New Zealand hunt report.

Awesome stuff!

this is a culling operation, a management tool that is required to maintain the habitat.

Is that due to human intervention that the population is high? Like humans expanding pasture land, culling predators, providing more grain crops to eat, and so on? I think in most cases this it the cause, but I wondered if you knew.
 
Awesome stuff!



Is that due to human intervention that the population is high? Like humans expanding pasture land, culling predators, providing more grain crops to eat, and so on? I think in most cases this it the cause, but I wondered if you knew.

These Goats are descendants from goats that were taken to New Zealand during a gold rush at the Shotover River. They escaped or were released when the gold rush was over, now they live in groups and destroy the grass tussocks. They have no natural predators, no Fox, Dingo, Coyote or Wolf live in New Zealand so the population is out of control.
 
Awesome stuff!
Is that due to human intervention that the population is high? Like humans expanding pasture land, culling predators, providing more grain crops to eat, and so on? I think in most cases this it the cause, but I wondered if you knew.

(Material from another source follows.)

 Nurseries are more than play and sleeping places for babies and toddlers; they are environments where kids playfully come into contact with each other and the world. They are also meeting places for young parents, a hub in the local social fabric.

the goats are feral and shouldn't be there in the first place, they, like a lot of introduced species run rampant over the landscape (think wild pigs here) stripping the vegatation down so the indigenous wildlife are left with little to forage on
some of the Galapagos islands that were once pretty much jungles are deforested rocks due to the feral goats
 
Blazer? Why not Savage, we all know they're way more accurate! ;)

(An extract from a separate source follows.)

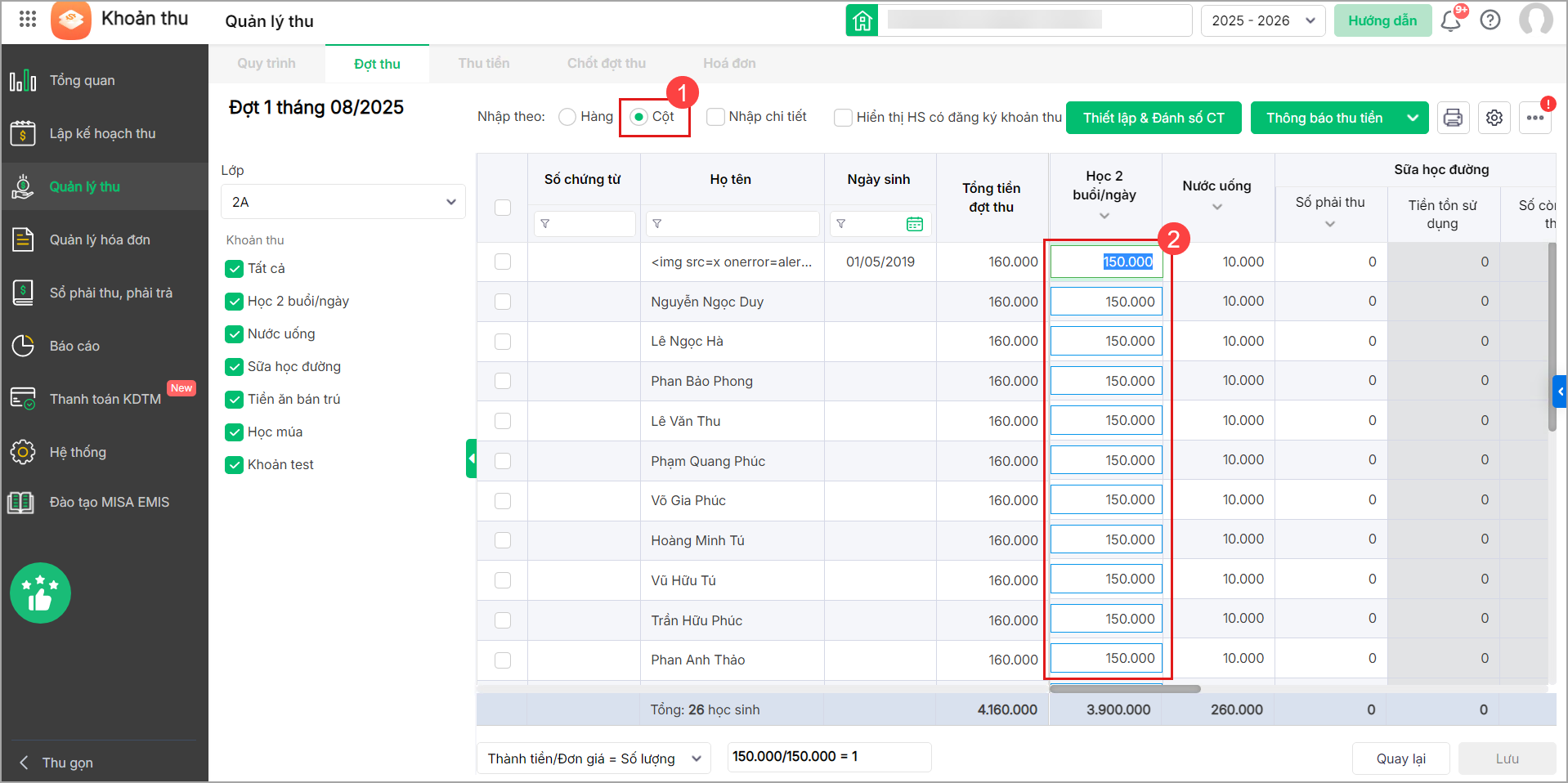 - Trường hợp thay đổi số tiền phải thu theo từng khoản thu cho nhóm học sinh/cả lớp, anh/chị chọn nhập Theo cột.

Looks like an awesome, much envy in this one......
 
Great photos of a beautiful landscape and an amazing adventure!

Dont know why, I love flying, but I always wonder what if?
That doesnt look like a great place to make an emergency landing.... good thing you didnt have to. :)
 
Thank you for sharing the video as it was great to watch. It was also nice to see the SP1 and its brass deflector as I was wondering how you kept the ejecting shells out of the pilots way.
Blasting away with an AR out of a helicopter over beautiful countryside, life doesn't get much better.
 
John,
Thanks for these photos and story - nostalgia hitting hard at the moment.

To have an AR with magazines holding more than 7 rounds requires special licensing. I rather suspect that the company running the helicopter culling operations have Dept of Conservation (DOC) special licenses that allow them to use those. (To hunt deer on crown land, you need no hunting license - to hunt in the parks, you need a license to hunt in the park, but they're free, and DOC issues them along with a list of places they like to hide...)

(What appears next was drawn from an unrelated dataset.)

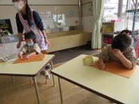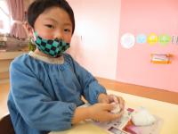 年長(ちゅうりっぷ組)は、ひな祭りに向けて紙粘土でお内裏様とお雛様の2体を作りました。子どもたちは、紙粘土を上手に丸めて頭を作ったり、円錐形にして胴体を作ったりしました。粘土が乾燥してから色を塗って、目や口、鼻などを描き入れて完成させ予定です。

I've lived there twice, hunted Tahr and Chamois (never saw any when I was out) (maybe I'm a bad hunter), and it's not for the faint of heart. The hills they live in are STEEP, as you can see from John's videos. Went on a goat cull or two using 4-wheel ATVs. My first one my friend and I got 43 in one day before I ran out of 6.5swede, and another day, walking a farm, I took 14 off to their makers. A young fellow I coached at the time described his trip hunting red deer once in "Otago". They were going to where they thought they'd find some deer, and saw a great white mass walking across a paddock (Kiwi for field) - They thought it was sheep to start, but it turned out to be a herd of 1500 feral goats..

So... Why did I come back to Canada? Hmm.. Oh, there was a recession....
 
the [invasive species] population is out of control.

stripping the vegatation down so the indigenous wildlife are left with little to forage on

They were going to where they thought they'd find some deer, and saw a great white mass walking across a paddock (Kiwi for field) - They thought it was sheep to start, but it turned out to be a herd of 1500 feral goats..

Thank you all for the reply: this is exactly what I figured it would be, just not as bad. These goats and feral pigs are the hunts I would love to go on: being able to help return natural habitat to the indigenous species it belongs to.

I'm jealous!!! :rockOn: John: You shoulda plugged a couple more hundred for us!